= Pentagonal icositetrahedron =

Catalan solid with 24 faces

Pentagonal icositetrahedron
| Type | Catalan |
| Conway notation | gC |
| Coxeter diagram |  |
| Face polygon | irregular pentagon |
| Faces | 24 |
| Edges | 60 |
| Vertices | 38 = 6 + 8 + 24 |
| Face configuration | V3.3.3.3.4 |
| Dihedral angle | 136° 18' 33' |
| Symmetry group | O, ⁠1/2⁠BC_{3}, [4,3]^{+}, 432 |
| Dual polyhedron | snub cube |
| Properties | convex, face-transitive, chiral |
Net of a dextro form

In geometry, a pentagonal icositetrahedron or pentagonal icosikaitetrahedron is a Catalan solid which is the dual of the snub cube. In crystallography it is also called a gyroid.

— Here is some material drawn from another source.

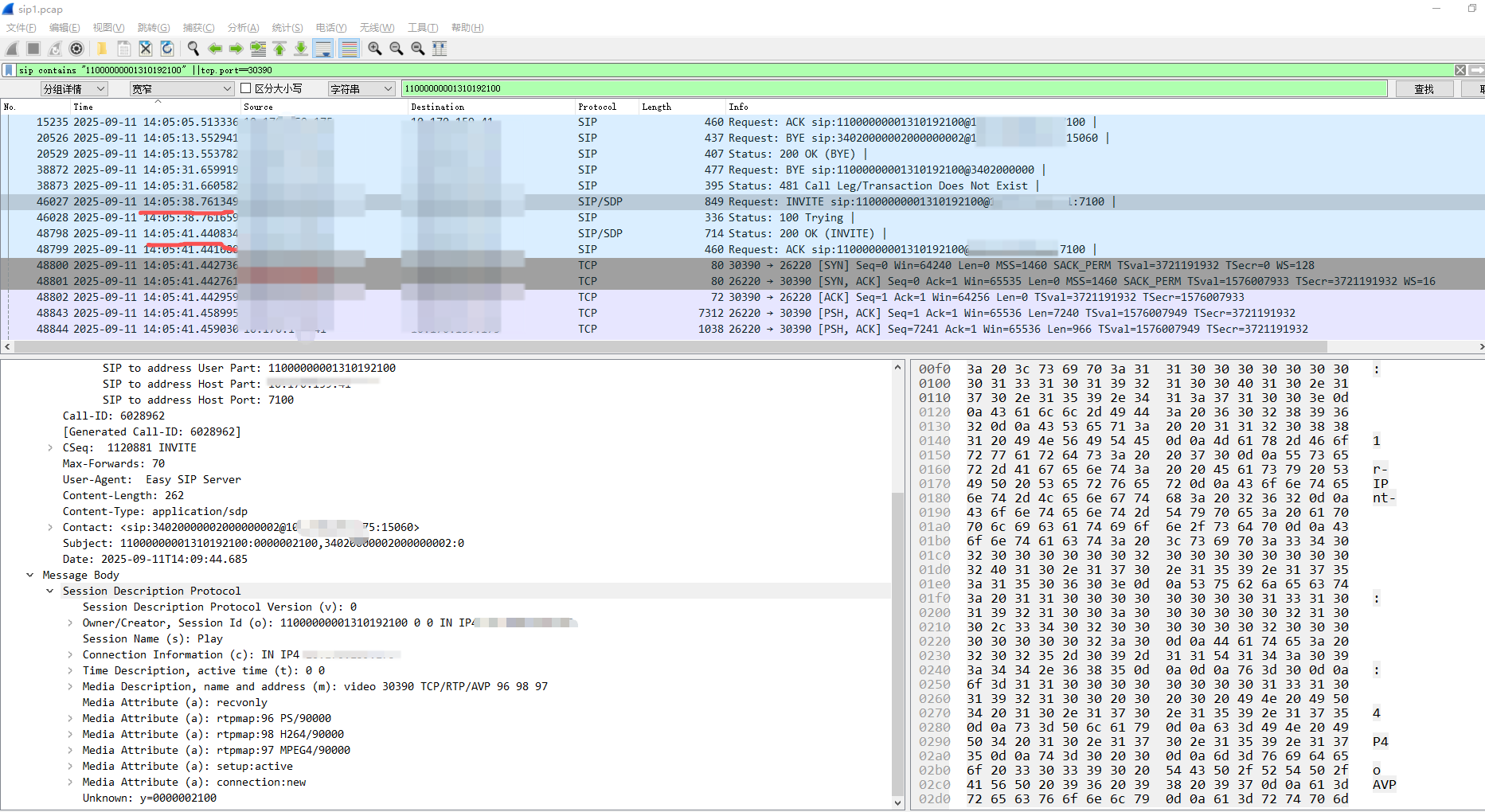 由于问题偶发且无明确报错,我们优先通过抓包工具对级联交互的信令和流数据进行全量记录,重点关注播放请求的完整流程(GB28181播放流程:INVITE->200 OK->ACK->流传输)。

It has two distinct forms, which are mirror images (or "enantiomorphs") of each other. They are termed dextro and laevo forms.

== Construction ==
The pentagonal icositetrahedron can be constructed from a snub cube without taking the dual. Square pyramids are added to the six square faces of the snub cube, and triangular pyramids are added to the eight triangular faces that do not share an edge with a square. The pyramid heights are adjusted to make them coplanar with the other 24 triangular faces of the snub cube. The result is the pentagonal icositetrahedron.

== Cartesian coordinates ==
Denote the tribonacci constant by $t\approx 1.839\,286\,755\,21$. (See snub cube for a geometric explanation of the tribonacci constant.) Then Cartesian coordinates for the 38 vertices of a pentagonal icositetrahedron centered at the origin, are as follows:
- the 12 even permutations of (±1, ±(2t+1), ±t^{2}) with an even number of minus signs
- the 12 odd permutations of (±1, ±(2t+1), ±t^{2}) with an odd number of minus signs
- the 6 points (±t^{3}, 0, 0), (0, ±t^{3}, 0) and (0, 0, ±t^{3})
- the 8 points (±t^{2}, ±t^{2}, ±t^{2})

The convex hulls for these vertices scaled by $t^{-3}$ result in a unit circumradius octahedron centered at the origin, a unit cube centered at the origin scaled to $R\approx0.9416969935$, and an irregular chiral snub cube scaled to $R$, as visualized in the figure below:

== Geometry ==
The pentagonal faces have four angles of $\arccos((1-t)/2)\approx 114.812\,074\,477\,90^{\circ}$ and one angle of $\arccos(2-t)\approx 80.751\,702\,088\,39^{\circ}$. The pentagon has three short edges of unit length each, and two long edges of length $(t+1)/2\approx 1.419\,643\,377\,607\,08$. The acute angle is between the two long edges. The dihedral angle equals $\arccos(-1/(t^2-2))\approx 136.309\,232\,892\,32^{\circ}$.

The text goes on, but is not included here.